Making Parasites Destruct Themselves

Photo: Trypanosoma forms in blood smear from patient

Author Galina Lepesheva says this information provides the first up-close look at the busy enzyme and shows how one compound in particular prevents it from conducting business as usual. "It is our hope that the results of our work might be helpful for the development of an effective treatment", said Lepesheva.

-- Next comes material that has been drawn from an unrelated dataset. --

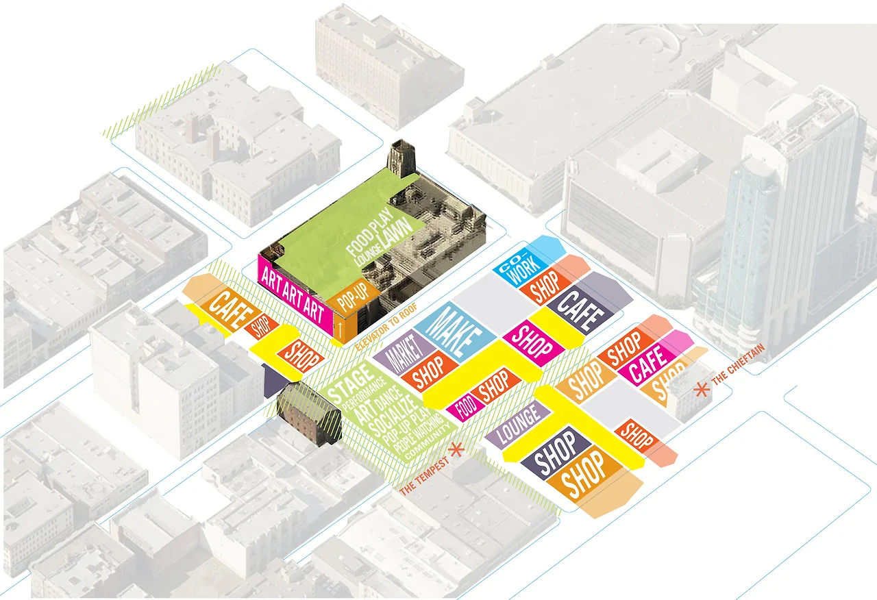디벨로퍼 Brookfield Properties와 Hearst Corporation은 대상지 내에 존재하는 Dempster Printing Building(1907-,인쇄소), Camelline(1923-,화장품 제조), Chronicle(1920-,신문사) 건물을 보존하여 지역의 분위기를 그대로 유지하며 옥상에는 오픈스페이스 건물내에는 코워킹 스페이스, 스타트업, 아트사업관련 등 지역 커뮤니티에 맞는 다양한 프로그램을 계획했습니다.

Lepesheva and her team have set their sights on the trypanosomatidae family of parasites, which causes a trio of horrifying diseases: Human African Trypanosomiasis is transferred by the biting tsetse fly in sub-Saharan Africa. Its victims suffer only flulike symptoms in the first phase of infection, but it often is not diagnosed till after the parasite has entered the central nervous system, causing mental deterioration, mood swings, coma and death. Chagas disease is passed on by the reduviid, or "kissing bug," named for its tendency to bite victims around the lips, in South and Central America. The parasite is the world's leading cause of heart disease. Leishmaniasis, a disease transferred by the biting female sandfly, is prevalent in four continents and comes in four varieties, all of which either disfigure or kill its hosts.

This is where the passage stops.